This article shows how to simulate a data set in SAS that satisfies a least squares regression model for continuous variables.
When you simulate to create "synthetic" (or "fake") data, you (the programmer) control the true parameter values, the form of the model, the sample size, and magnitude of the error term. You can use simulated data as a quick-and-easy way to generate an example. You can use simulation to test the performance of an algorithm on very wide or very long data sets.
The least squares regression model with continuous explanatory variables is one of the simplest regression models. The book Simulating Data with SAS describes how to simulate data from dozens of regression models. I have previously blogged about how to simulate data from a logistic regression model in SAS.
Simulate data that satisfies a linear regression model
It is useful to be able to generate data that fits a known model. Suppose you want to fit a regression model in which the response variable is a linear combination of 10 explanatory variables, plus random noise. Furthermore, suppose you don't need to use real X values; you are happy to generate random values for the explanatory variables.
The following SAS statements specify the sample size (N) and the number of explanatory variables (nCont) as macro variables. With the SAS DATA step, you can do the following:
- Specify the model parameters, which are the regression coefficients: β0=Intercept, β1, β2, β3, .... If you know the number of explanatory variables, you can hard-code these values. The example below uses the formula βj = (-1) j+1 4 / (j+1), but you can use a different formula or hard-code the parameter values.

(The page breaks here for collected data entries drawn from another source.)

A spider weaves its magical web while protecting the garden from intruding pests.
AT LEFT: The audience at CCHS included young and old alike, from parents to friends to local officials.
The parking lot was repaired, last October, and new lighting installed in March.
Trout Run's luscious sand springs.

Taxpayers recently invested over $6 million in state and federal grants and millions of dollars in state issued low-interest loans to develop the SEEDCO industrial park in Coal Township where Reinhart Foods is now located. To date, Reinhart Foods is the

- Simulate the explanatory variables. In this example, the variables are independent and normally distributed. When augmented with a column that contains all 1s (to capture the model intercept), the explanatory variables form a data matrix, X.
- Specify the error distribution, ε ∼ N(0,σ).

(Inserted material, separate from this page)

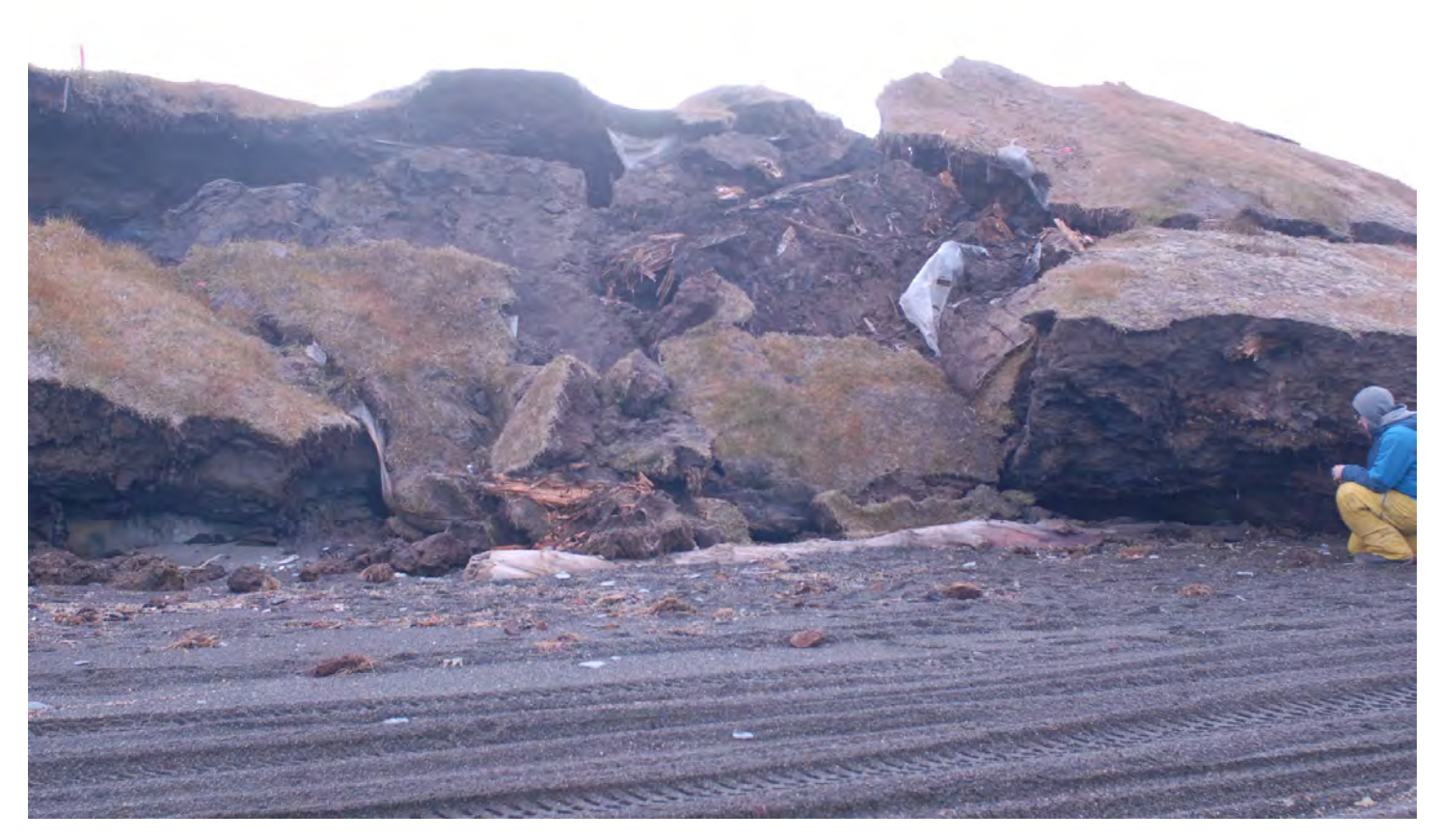
3000 years of cultural deposits all over the beach at Walakpa.

eroding coastal bluffs began exposing human remains and cultural materials several decades ago. This was a village site with a long history that had been relocated more than once due to erosion (Krus et al. 2019). Excavations showed that human occupation there had stretched back not decades but over a thousand years, predating when the Thule, or ancestral Inuit, lived there, making Nuvuk a key site for understanding the Thule migration across the North American Arctic to Greenland over the next several centuries (Jensen 2017; see also, Krus et al. 2019, Tackney and Raff 2019).[2]

- Simulate the response variable as Y = MODEL + ERROR = X β + ε.
%let N = 50; /* Specify sample size */ %let nCont = 10; /* Specify the number of continuous variables */ data SimReg1(keep= Y x:); call streaminit(54321); /* set the random number seed */ array x[&nCont]; /* explanatory vars are named x1-x&nCont */ /* 1. Specify model coefficients. You can hard-code values such as array beta[0:&nCont] _temporary_ (-4 2 -1.33 1 -0.8 0.67 -0.57 0.5 -0.44 0.4 -0.36); or you can use a formula such as the following */ array beta[0:&nCont] _temporary_; do j = 0 to &nCont; beta[j] = 4 * (-1)**(j+1) / (j+1); /* formula for beta[j] */ end; do i = 1 to &N; /* for each observation in the sample */ do j = 1 to dim(x); x[j] = rand("Normal"); /* 2. Simulate explanatory variables */ end; eta = beta; /* model = intercept term */ do j = 1 to &nCont; eta = eta + beta[j] * x[j]; /* + sum(beta[j]*x[j]) */ end; epsilon = rand("Normal", 0, 1.5); /* 3. Specify error distrib */ Y = eta + epsilon; /* 4. Y = model + error */ output; end; run;
How do you know whether the simulation is correct?

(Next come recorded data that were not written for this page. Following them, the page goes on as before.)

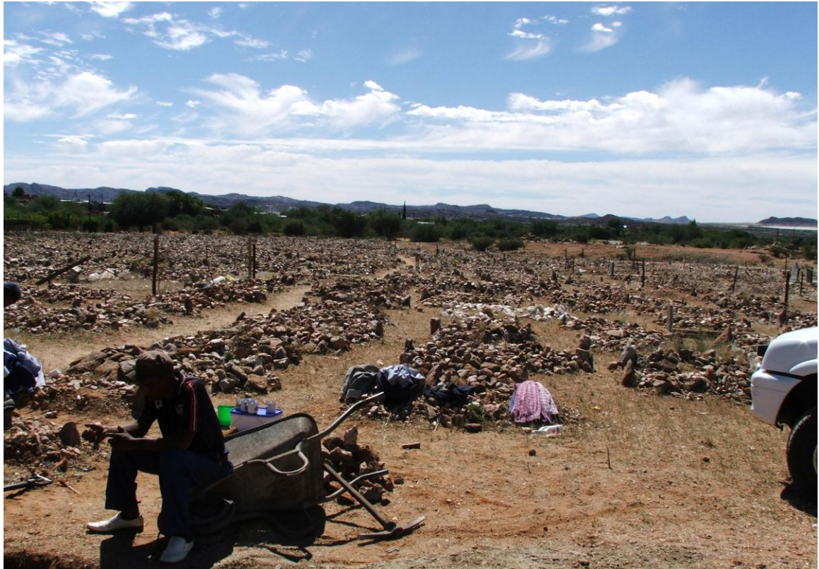
Image of the existing cemetery at Augrabies. Looking at the covering material it can clearly be seen that the underlying material is very hard and inaccessible to a great extent if it must be excavated by manual labour.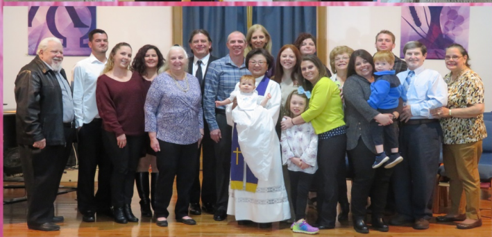
The United Methodist Church Of Lake Ronkonkoma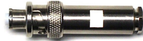
SHV- cable jack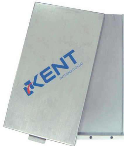
Table size: 180mm x 350mm (for \Phi 120, 130, 150 CMIC)

Table size: 150mm x 300mm (for \Phi 60, 70, 90 CMIC)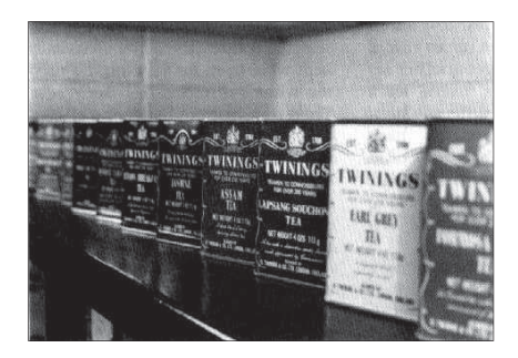
(c) f/8 at 1/60 s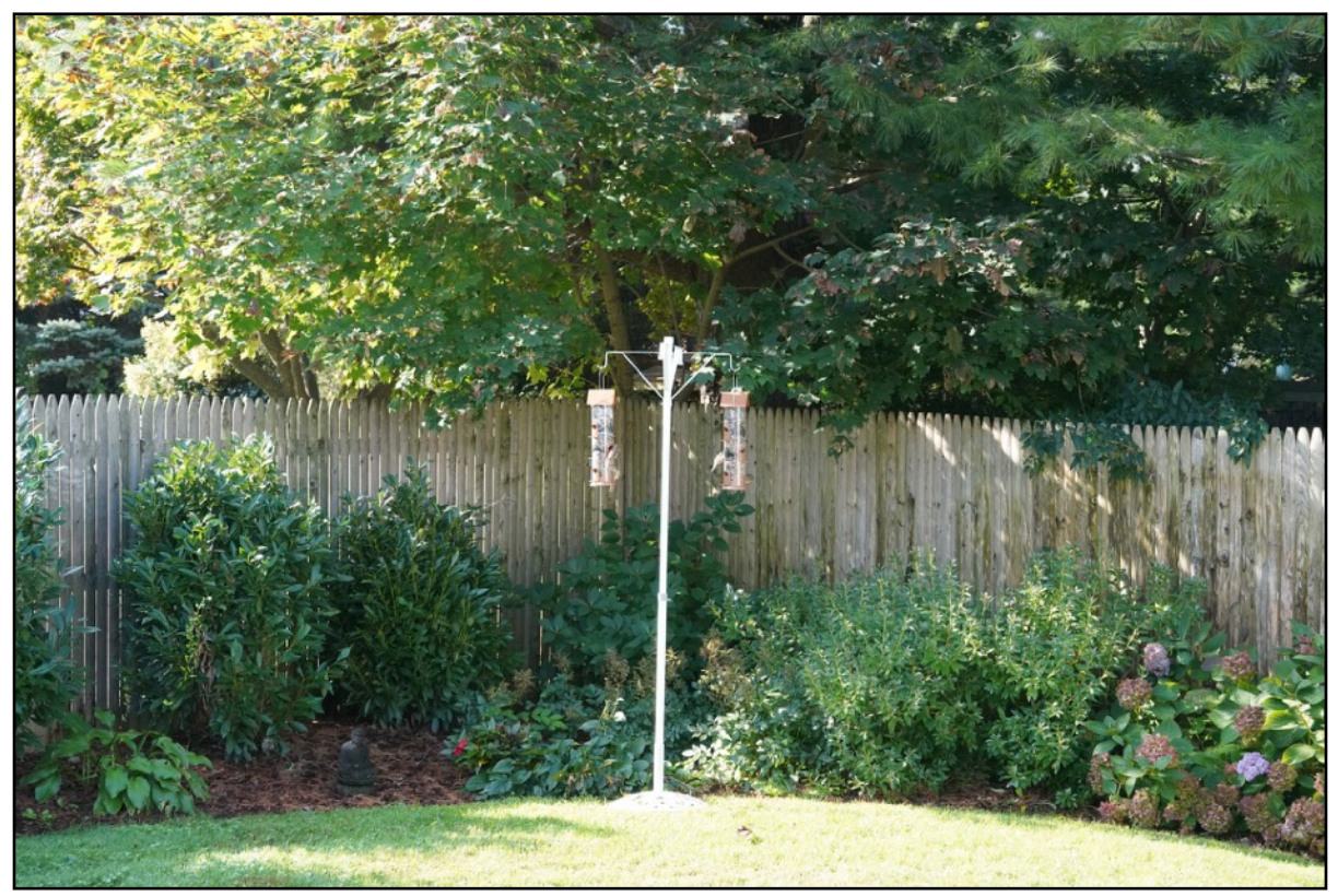
Sony A7RIII FF, 70-300 mm at 70 mm, f/8, 1/500 sec, ISO 3200, 40 feet, Handheld

After you simulate data, it is a good idea to run a regression analysis and examine the parameter estimates. For large samples, the estimates should be close to the true value of the parameters. The following call to PROC REG fits the known model to the simulated data and displays the parameter estimates, confidence intervals for the parameters, and the root mean square error (root MSE) statistic.
proc reg data=SimReg1 plots=none; model Y = x: / CLB; ods select FitStatistics ParameterEstimates; quit;
For a simple model a "large sample" does not have to be very large. Although the sample size is merely N = 50, the parameter estimates are close to the parameter values. Furthermore, the root MSE value is close to 1.5, which is the true magnitude of the error term. For this simulation, each 95% confidence interval contain the true value of the parameters, but that does not happen in general.
For more complex regression models, you might need to generate larger samples to verify that the simulation correctly generates data from the model.
If you write the ParametereEstimates table to a SAS data set, you can create a plot that shows the parameters overlaid on a plot of the estimates and the 95% confidence limits. The plot shows that the parameters and estimates are close to each other, which should give you confidence that the simulated data are correct.
Notice that this DATA step can simulate any number of observations and any number of continuous variables. Do you want a sample that has 20, 50, or 100 variables? No problem: just change the value of the nCont macro variable! Do you want a sample that has 1000 observations? Change the value of N.
In summary, the SAS DATA step provides an easy way to simulate data from regression models in which the explanatory variables are uncorrelated and continuous. Download the complete program and modify it to your needs. For example, if you want more significant effects, use sqrt(j+1) in the denominator of the regression coefficient formula.
In a future article, I will show how to generalize this program to efficiently simulate and analyze many samples a part of a Monte Carlo simulation study.